Data segment:
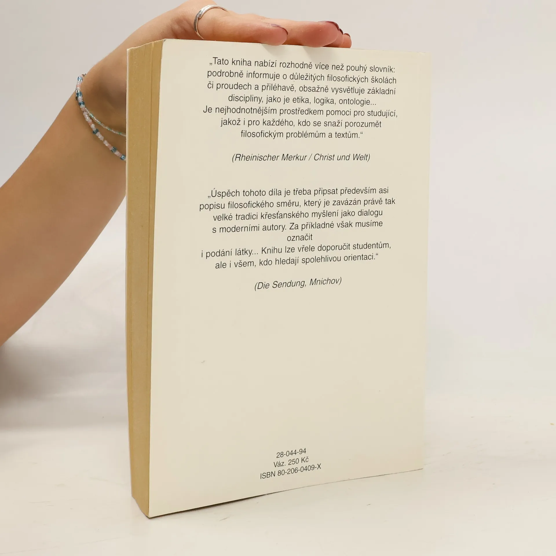 „Tato kniha nabízí rozhodně více než pouhý slovník: podrobně informuje o důležitých filosofických školách či proudech a přiléhavě, obsažně vysvětluje základní discipliny, jako je etika, logika, ontologie... Je nejhodnotnějším prostředkem pomoci pro studující, jakož i pro každého, kdo se snaží porozumět filosofickým problémům a textům." (Rheinischer Merkur / Christ und Welt) „Úspěch tohoto díla je třeba připsat především asi popisu filosofického směru, který je zavázán právě tak velké tradici křesťanského myšlení jako dialogu s moderními autory. Za příkladné však musíme označit i podání látky... Knihu lze vřele doporučit studentům, ale i všem, kdo hledají spolehlivou orientaci." (Die Sendung, Mnichov)... celý text
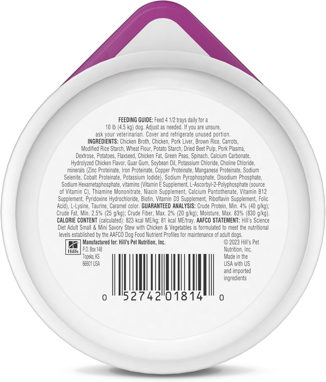Mealtime Has Never Been Easier – Or More Delicious – For Your Little Dog! Just Peel Back The Top Of Hill’S New Single Serve Trays For A Delicious Way To Provide Precisely Balanced Nutrition That Enhances The Overall Health And Well-Being Of Your Pet. Hill'S Science Diet Adult Small & Toy Savory Stews Use High-Quality Lean Proteins To Help Maintain Ideal Body Conditions And Gentle Fibers To Promote Healthy Digestion. Expertly Developed By Hill’S Nutritionists And Veterinarians, Science Diet Dog Food Is A Tasty, Healthy Choice For Your Dog. Hill’S 100% Satisfaction : We'Re Confident Your Pet Will Enjoy Hill'S Science Diet Foods. We'Re So Confident That We Offer A 100% Money-Back . If You Are Unsatisfied For Any Reason, Return The Unused Portion To For A Full Refund Or Replacement. For More Information On Returning An Purchased Product, Visit The Returns Center
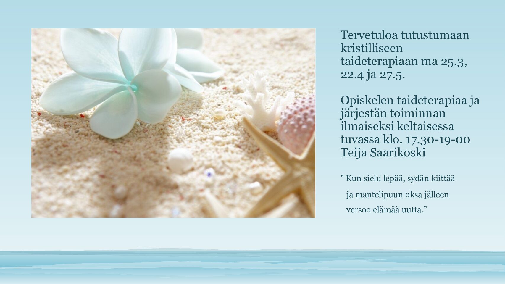 Kristikka järjestää Keltaisessa Tuvassa kevään 2024 aikana kolmen tapaamiskerran kestävän taideterapia ryhmän. Taideterapia on luovuutta hyödyntävä menetelmä ehyempään minuuteen. Taideterapia ryhmä on pieni, jotta kaikilla osallistujilla on tilaa olla aidosti läsnä ja saada se hyöty, joka ryhmään osallistumisesta ja luovien tekniikoiden hyödyntämisestä voi parhaimmillaan saada. Ryhmään otetaan mukaan vain 8 osallistujaa, luottamuksellisuuden säilyttämiseksi. Terapiaa ohjaa taideterapiaopiskelija Teija Saarikoski.

Instructions for the task: Could you transcribe all of the data exactly, keeping every picture out of the copy?

Reply:
 „Tato kniha nabízí rozhodně více než pouhý slovník: podrobně informuje o důležitých filosofických školách či proudech a přiléhavě, obsažně vysvětluje základní discipliny, jako je etika, logika, ontologie... Je nejhodnotnějším prostředkem pomoci pro studující, jakož i pro každého, kdo se snaží porozumět filosofickým problémům a textům." (Rheinischer Merkur / Christ und Welt) „Úspěch tohoto díla je třeba připsat především asi popisu filosofického směru, který je zavázán právě tak velké tradici křesťanského myšlení jako dialogu s moderními autory. Za příkladné však musíme označit i podání látky... Knihu lze vřele doporučit studentům, ale i všem, kdo hledají spolehlivou orientaci." (Die Sendung, Mnichov)... celý text
Mealtime Has Never Been Easier – Or More Delicious – For Your Little Dog! Just Peel Back The Top Of Hill’S New Single Serve Trays For A Delicious Way To Provide Precisely Balanced Nutrition That Enhances The Overall Health And Well-Being Of Your Pet. Hill'S Science Diet Adult Small & Toy Savory Stews Use High-Quality Lean Proteins To Help Maintain Ideal Body Conditions And Gentle Fibers To Promote Healthy Digestion. Expertly Developed By Hill’S Nutritionists And Veterinarians, Science Diet Dog Food Is A Tasty, Healthy Choice For Your Dog. Hill’S 100% Satisfaction : We'Re Confident Your Pet Will Enjoy Hill'S Science Diet Foods. We'Re So Confident That We Offer A 100% Money-Back . If You Are Unsatisfied For Any Reason, Return The Unused Portion To For A Full Refund Or Replacement. For More Information On Returning An Purchased Product, Visit The Returns Center
 Kristikka järjestää Keltaisessa Tuvassa kevään 2024 aikana kolmen tapaamiskerran kestävän taideterapia ryhmän. Taideterapia on luovuutta hyödyntävä menetelmä ehyempään minuuteen. Taideterapia ryhmä on pieni, jotta kaikilla osallistujilla on tilaa olla aidosti läsnä ja saada se hyöty, joka ryhmään osallistumisesta ja luovien tekniikoiden hyödyntämisestä voi parhaimmillaan saada. Ryhmään otetaan mukaan vain 8 osallistujaa, luottamuksellisuuden säilyttämiseksi. Terapiaa ohjaa taideterapiaopiskelija Teija Saarikoski.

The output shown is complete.